PeptideTechnologies,LLC, USA
Title: Non-Invasive Delivery of Peptides: Advances in Oral Delivery
Biography:
Nozer Mehta Peptide Technologies, LLC, USA well recognized leader with 30 years of experience in the development of peptide-based therapeutics, and an inventor on 28 issued patents and numerous applications. Excellent communication, team building and leadership skills. Proven scientific leader for internal projects, as well as collaborative teams with several external companies across multiple therapeutic areas, including osteoporosis, osteoarthritis, obesity and diabetes. Experience with presentations at major international conferences and to pharmaceutical companies, and internally to the Board of Directors. An area of extensive preclinical and clinical development expertise is the oral delivery or peptides and certain classes of small molecule drugs. Additional areas of competency include recombinant expression technologies for peptides, novel target identification, validation, and preclinical and clinical development of peptide drugs.

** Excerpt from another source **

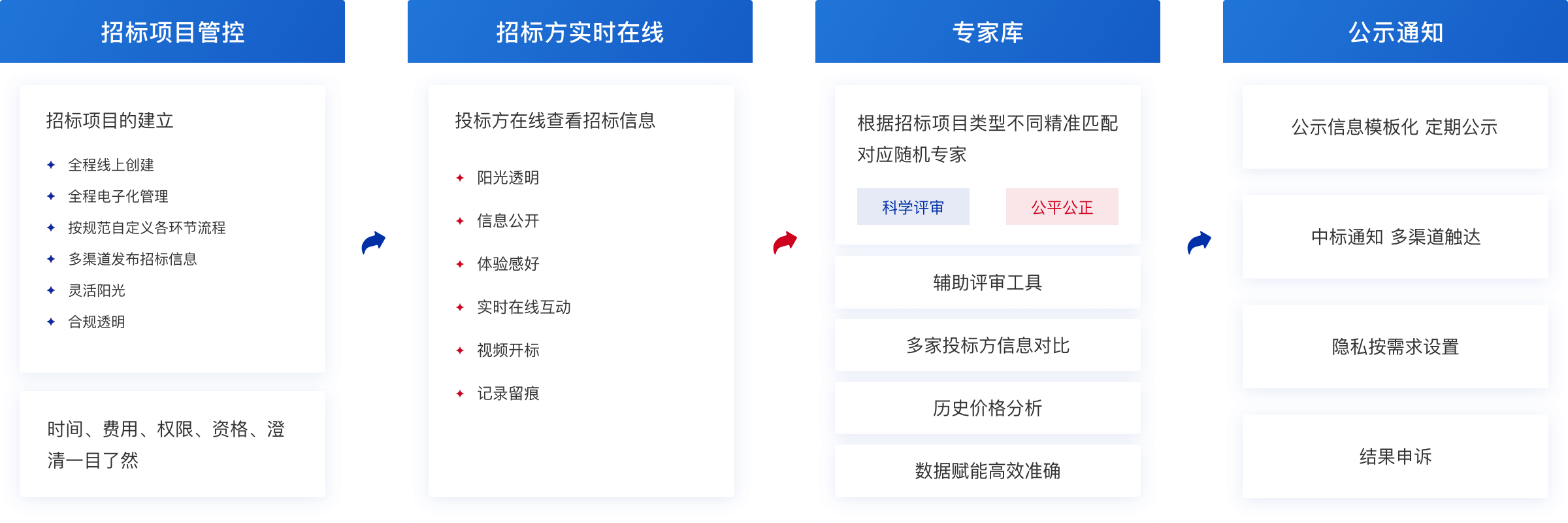 实现招投标全流程管控功能;支持多种招标类型,并根据招标类型配置招标模板,可维护需求部门、招标部门、代理部门等招标机构信息;关键节点自动预警,供应商风险监测自动推测,预防企业被围标造成利益损失

Non-invasive peptide delivery routes such as oral, buccal, nasal, pulmonary and transdermal offer several advantages including safety and ease of use for the patient, and the potential for increased physician acceptance and patient compliance for chronic indications. Oral delivery remains the most extensively studied non-invasive route, but it presents numerous biological challenges. Of the few oral peptides currently marketed, most are intended for localized intestinal delivery or represent peptides with special characteristics. Absorption of orally delivered peptides into the systemic circulation generally occurs in the duodenum or lower regions of the small intestine. The intestinal epithelium and the mucus layer offer a barrier to the transport of molecules greater than 2 to 3 amino acids in size, and intestinal proteolytic enzymes derived either from the pancreas or from the intestinal brush border membranes rapidly cleave peptide bonds. For most peptides, these challenges of poor intestinal permeability, susceptibility to proteolytic degradation, as well as their short half-life, propensity to aggregate, and other limitations need to be overcome by formulation or peptide structure modifications to increase bioavailability and develop commercially successful products. Strategies such as cyclization, addition of unnatural amino acids, and blocking of N- and C-termini to stabilize peptides and increase their protease resistance, are examples of beneficial structural modifications. The addition of protease inhibitors and permeation enhancers to the formulation, conjugation to peptide transporters, and encapsulation in robotic pills or micro- and nano-spheres are also widely used techniques. However, further increases in bioavailability, decreases in inter- and intra-patient variability, elimination of food effects, and confirmation of long term safety of formulation excipients remain as foci for further efforts to fully realize the potential for oral delivery. A variety of peptide molecules are currently in pre-clinical or different stages of clinical development using one or more of these technologies to facilitate paracellular or transcellular transport, and recent data on these studies will be presented.